Quote exactly and only this range of lines in the data below: the line that holds "这是他相隔 7 个月后再次进行代币销毁,包含" to the line that holds "谜底时钟是搜集到的一款精美的数字时钟应用,拥有 16 款高颜值的数字时钟,以及对应的秒针音效,支持", both included.
Exercise data: Begin
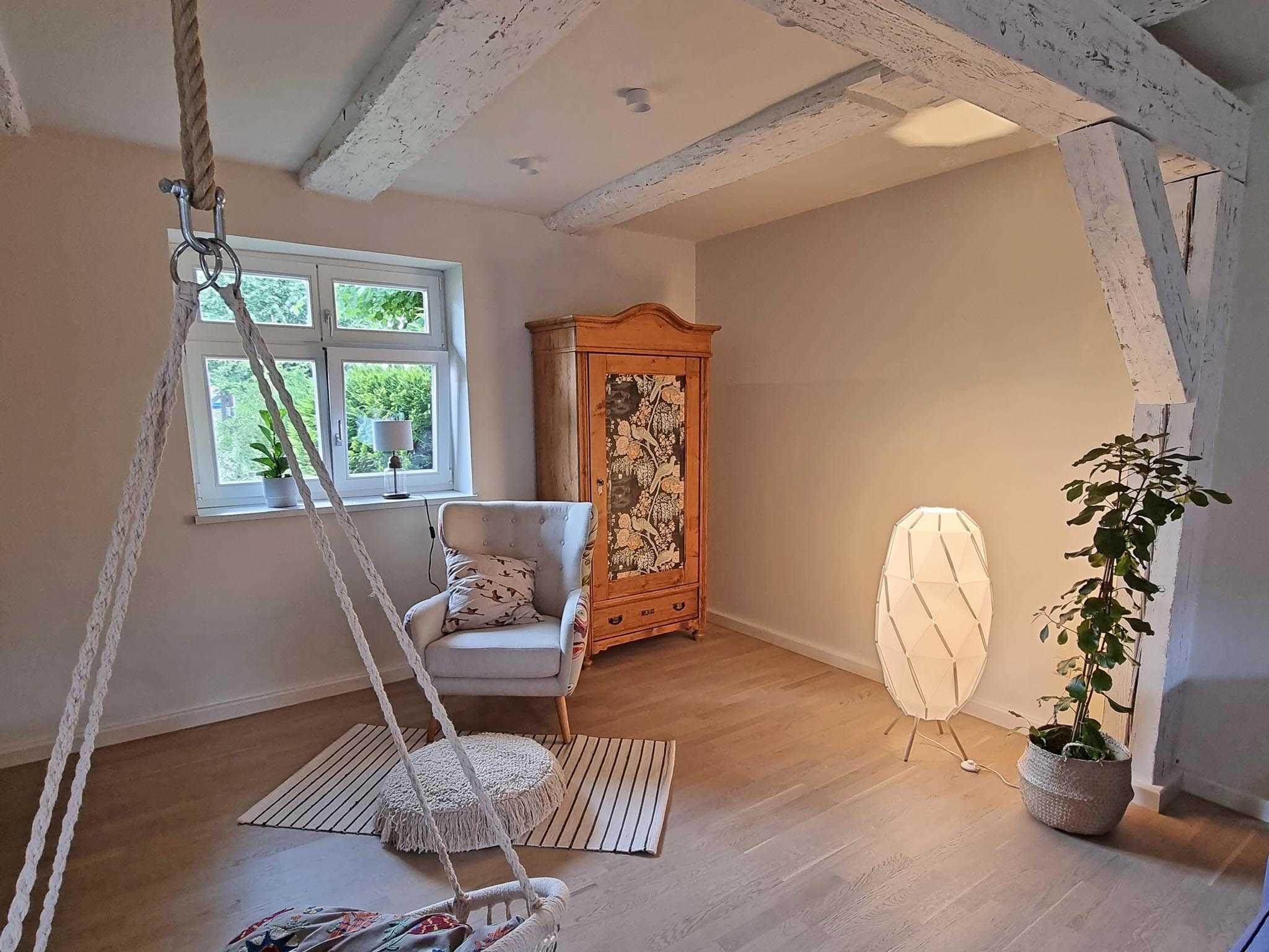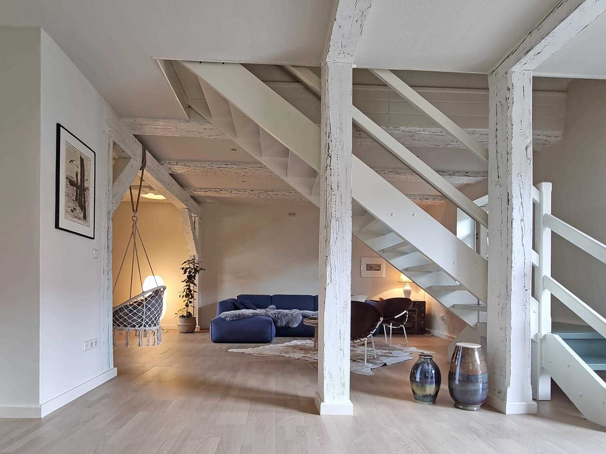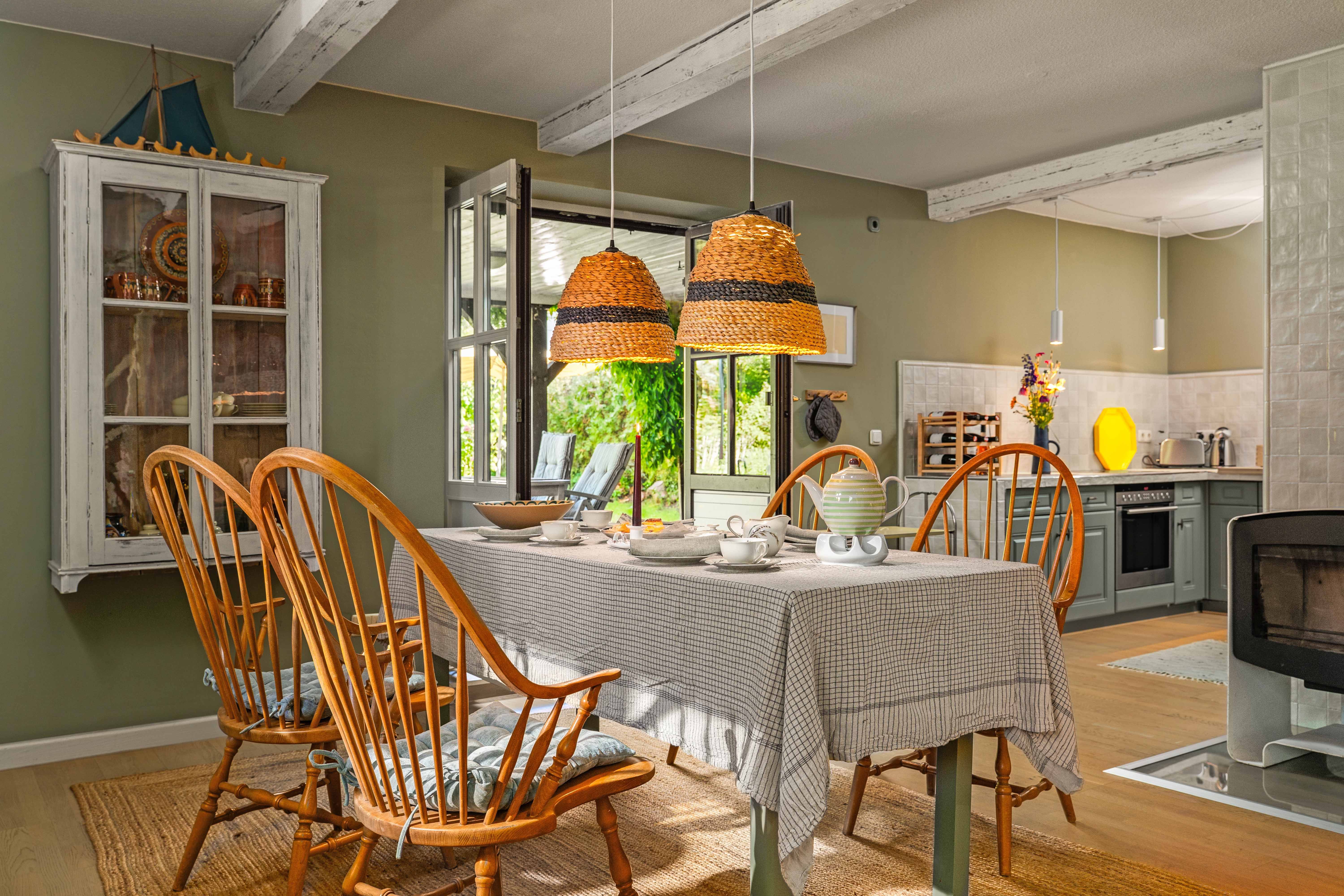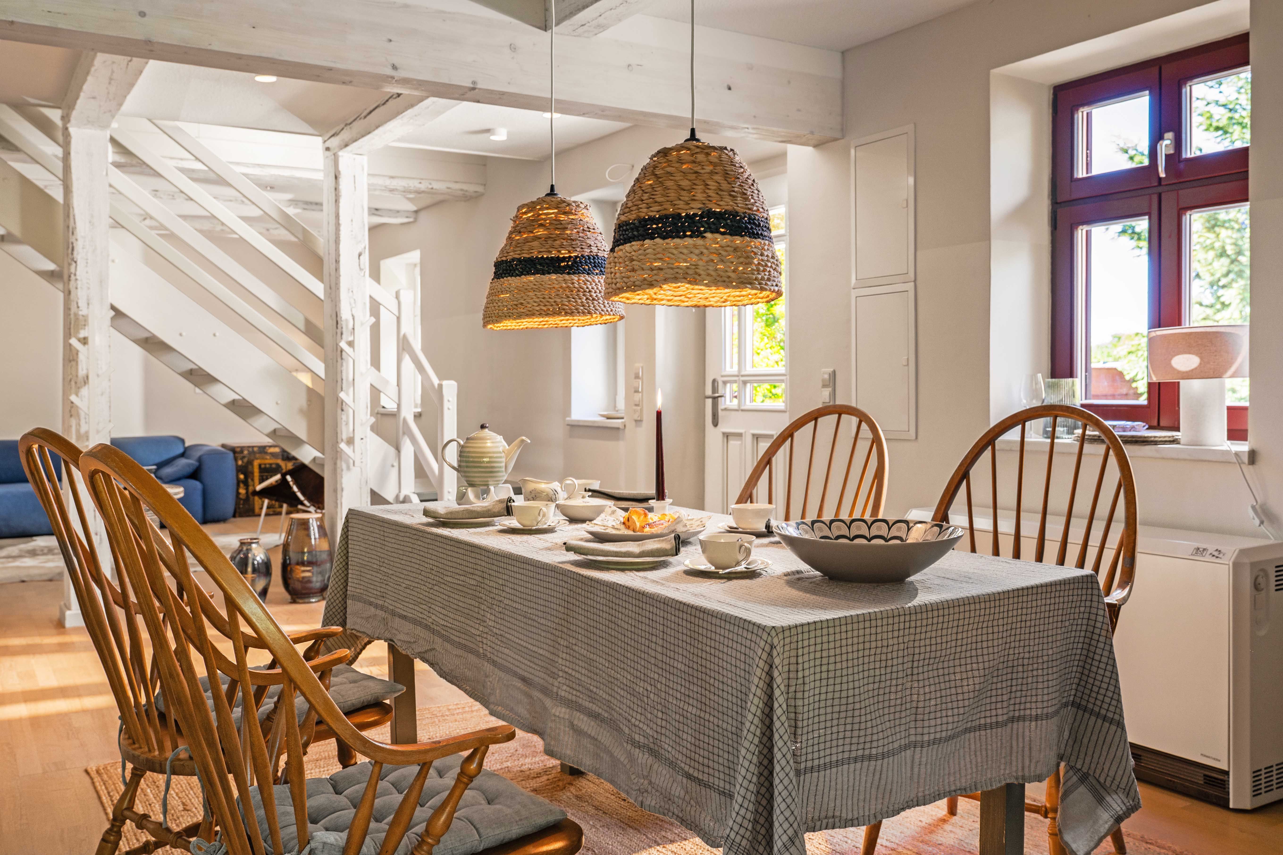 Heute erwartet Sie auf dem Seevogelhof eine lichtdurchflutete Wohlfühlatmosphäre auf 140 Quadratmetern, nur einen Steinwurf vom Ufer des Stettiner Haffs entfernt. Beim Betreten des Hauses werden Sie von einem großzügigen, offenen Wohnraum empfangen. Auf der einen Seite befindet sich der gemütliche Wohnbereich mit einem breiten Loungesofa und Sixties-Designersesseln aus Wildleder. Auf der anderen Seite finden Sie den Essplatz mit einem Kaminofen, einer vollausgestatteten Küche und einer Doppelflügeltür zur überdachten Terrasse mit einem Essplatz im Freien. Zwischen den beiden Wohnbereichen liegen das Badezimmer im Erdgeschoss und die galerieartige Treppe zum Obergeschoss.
Exercise data: End
Exercise data: Begin
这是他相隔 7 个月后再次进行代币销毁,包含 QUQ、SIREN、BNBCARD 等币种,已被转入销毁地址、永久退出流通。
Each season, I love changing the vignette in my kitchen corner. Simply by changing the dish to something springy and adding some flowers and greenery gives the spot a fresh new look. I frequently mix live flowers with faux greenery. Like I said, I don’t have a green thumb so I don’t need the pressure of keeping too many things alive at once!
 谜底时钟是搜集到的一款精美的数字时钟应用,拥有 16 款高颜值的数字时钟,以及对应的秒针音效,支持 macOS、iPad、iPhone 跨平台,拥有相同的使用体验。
Exercise data: End
• [Solution for this problem]
这是他相隔 7 个月后再次进行代币销毁,包含 QUQ、SIREN、BNBCARD 等币种,已被转入销毁地址、永久退出流通。
Each season, I love changing the vignette in my kitchen corner. Simply by changing the dish to something springy and adding some flowers and greenery gives the spot a fresh new look. I frequently mix live flowers with faux greenery. Like I said, I don’t have a green thumb so I don’t need the pressure of keeping too many things alive at once!
 谜底时钟是搜集到的一款精美的数字时钟应用,拥有 16 款高颜值的数字时钟,以及对应的秒针音效,支持 macOS、iPad、iPhone 跨平台,拥有相同的使用体验。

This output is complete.